Divulgação/Site oficial
Jerome Ducros (esq.) e Fabien Barthez (dir.), os chefões do US Luzenac Imagem: Divulgação/Site oficial

Do UOL, em São Paulo

2014-04-29T06:00:00

29/04/2014 06h00

Um time consegue o acesso inédito e inesperado à segunda divisão da França, feito que merece muita comemoração por parte dos torcedores em qualquer lugar do mundo. Mas a festa é pequena demais. Estranho? Seria, se esse time não fosse de uma cidade que possui apenas 649 habitantes e sequer pode jogar em seu estádio, muito pequeno.

Por trás desse cenário de miudezas está um grande nome do futebol mundial: Fabien Barthez, o goleiro campeão da Copa do Mundo de 1998 pela França, algoz do Brasil na final. O ex-jogador francês é o principal responsável pela classificação histórica do menor time a conseguir tal feito.

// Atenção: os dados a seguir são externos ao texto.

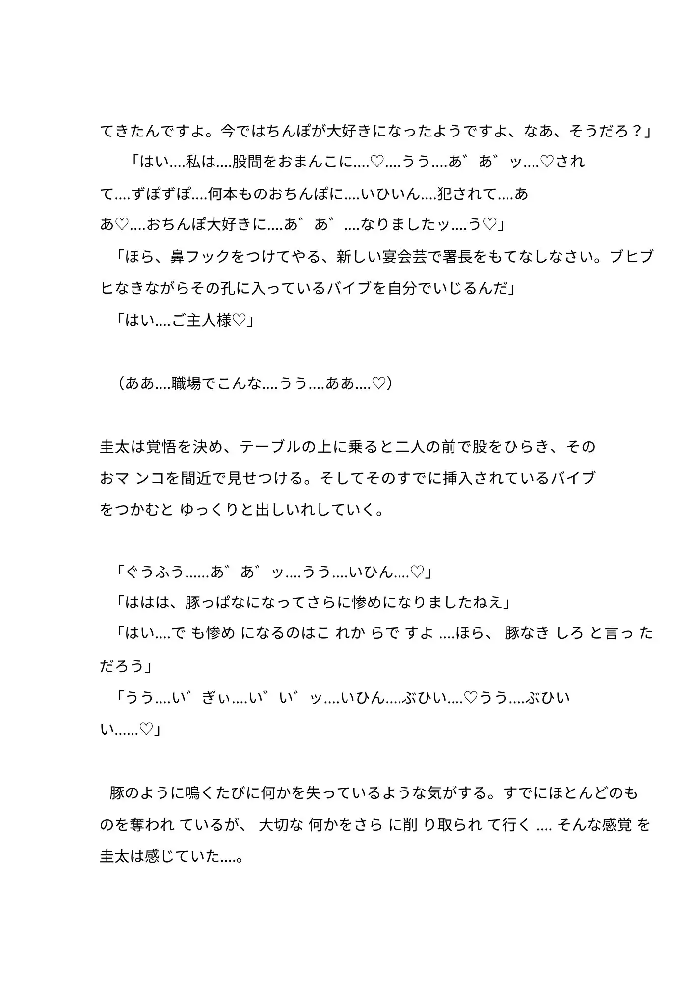 2では圭太の同期や父親も登場します‥‥。ディルド責め、同期や父の前での羞恥、水責め、ベルト打ち、犬扱い、豚扱い、豚鳴き、露出等
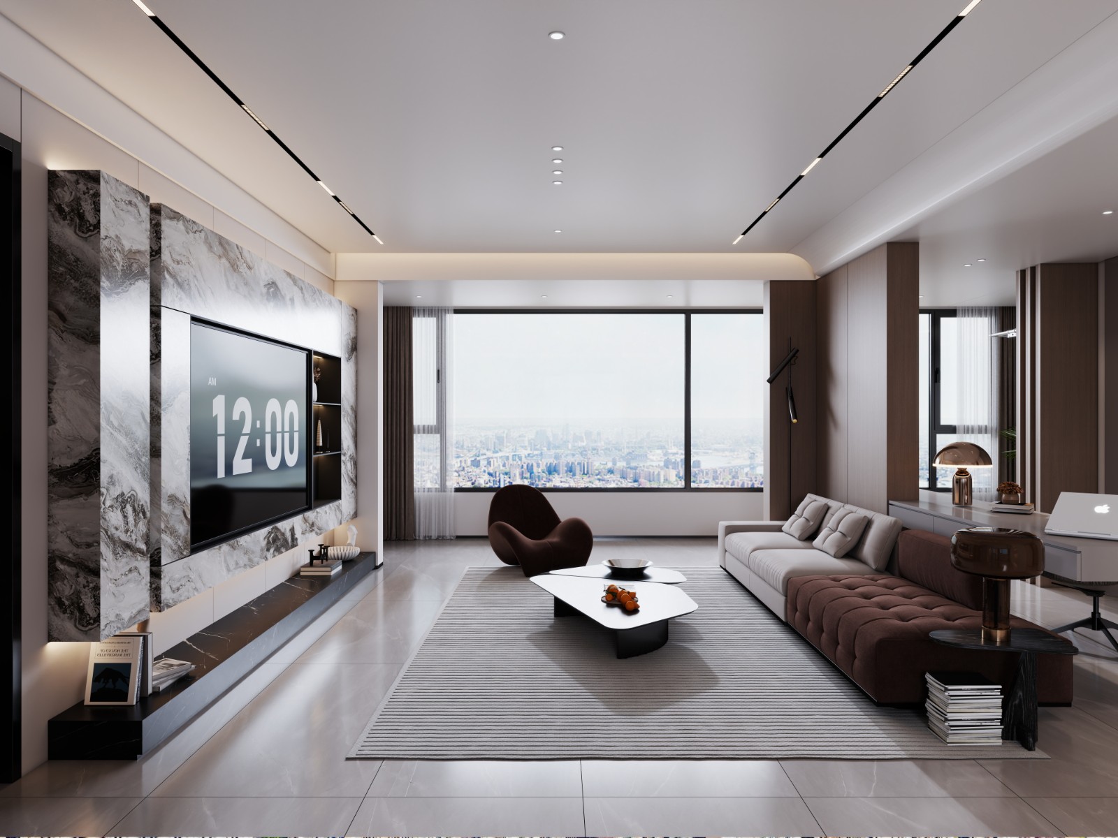 以简洁线条勾勒现代轮廓,借大窗引入城市景观,大理石背景墙与深色家具碰撞,营造开阔、时尚且具质感的社交空间。
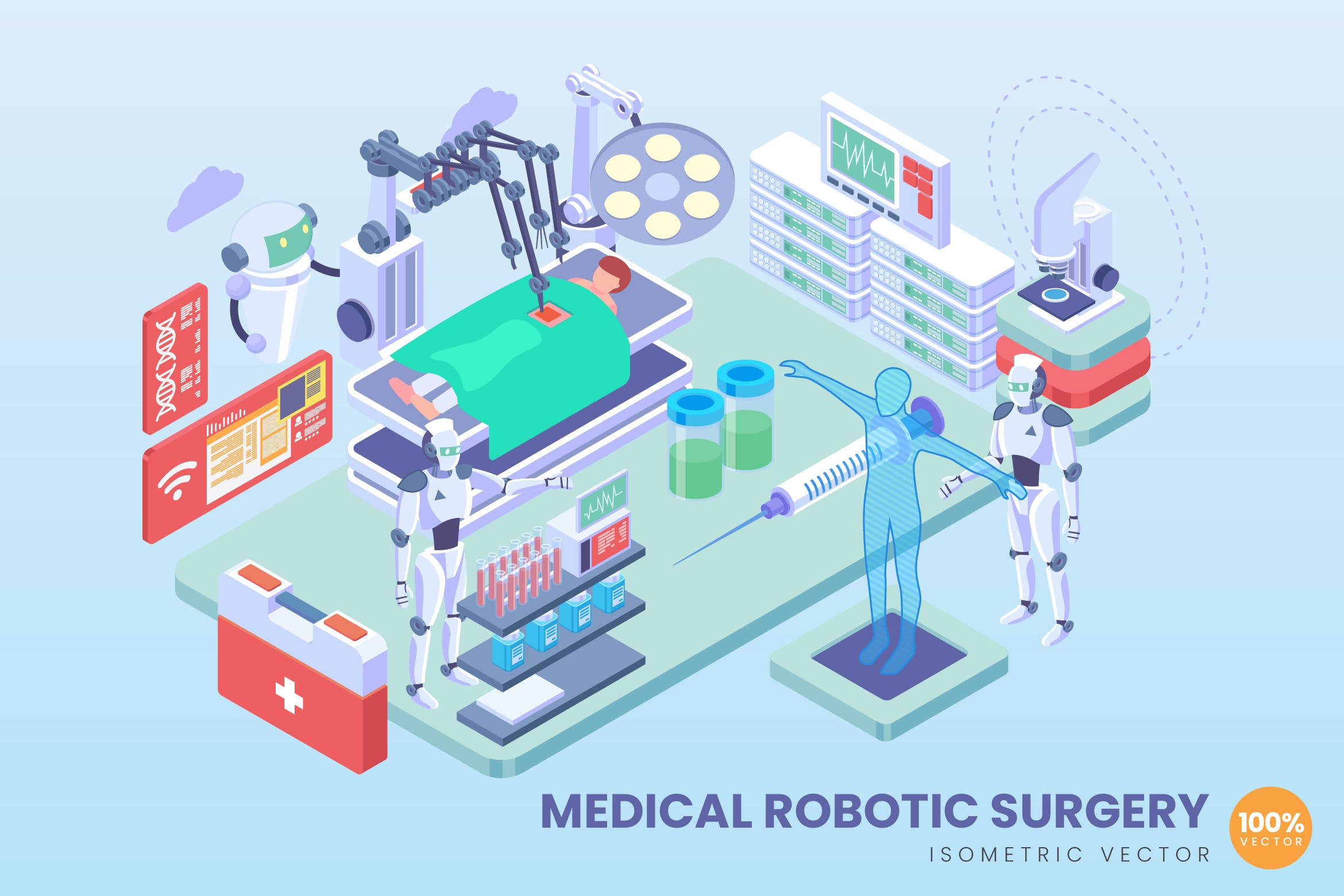 等距向量资产始终在视觉上具有吸引力。无论是用于Web图形,着陆页,横幅,图标,地图,信息图形,社交媒体,书籍以及其他相关插图用途,等距对象始终非常适合您的项目目标。在本系列中,我们精心设计并向您介绍了医疗机器人手术等距向量概念。这个华丽的概念是100%向量,您可以将向量AI文件调整为任意大小,而不会降低其质量。我们希望您能喜欢 :)
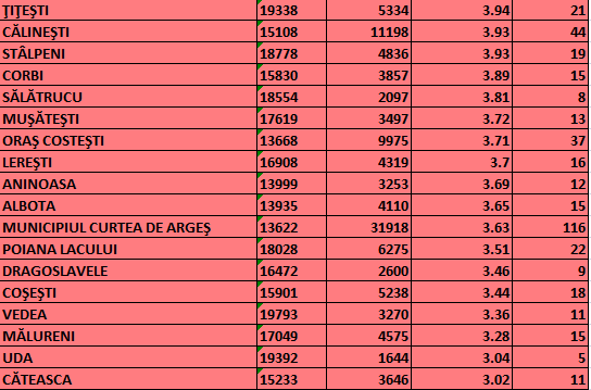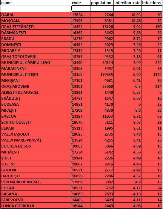 Peste 50 de localități, din totalul de 102 ale județului Argeș, se află în prezent în scenariul roșu din punct de vedere epidemiologic. Lista roșie, transmisă cu puțin timp în urmă de Direcția de Sănătate Publică (DSP):

Barthez é presidente de honra do US Luzenac, equipe que disputará a segunda divisão do Francês na próxima temporada e fica na cidade de mesmo nome, na região de Ariège e perto de Lavelanet, terra do ex-goleiro.

Foi ele quem usou seu nome e sua influência para atrair jogadores dispensados ou encostados em times da primeira e segunda divisões. Deu certo. Liderado por seu “Samuel Eto’o genérico”, o camaronês Ande N’doh, artilheiro com 21 gols, o Luzenac se prepara agora para um novo cenário.

A equipe vai continuar jogando fora de sua cidade. E isso não será novidade. Durante a campanha pela terceira divisão, o Luzenac foi forçado pela federação francesa a deixar o estádio local, o Stade Paul Fédou. Com uma pequena arquibancada, sua capacidade era de apenas 1,6 mil lugares, ou quase três vezes a população da vila.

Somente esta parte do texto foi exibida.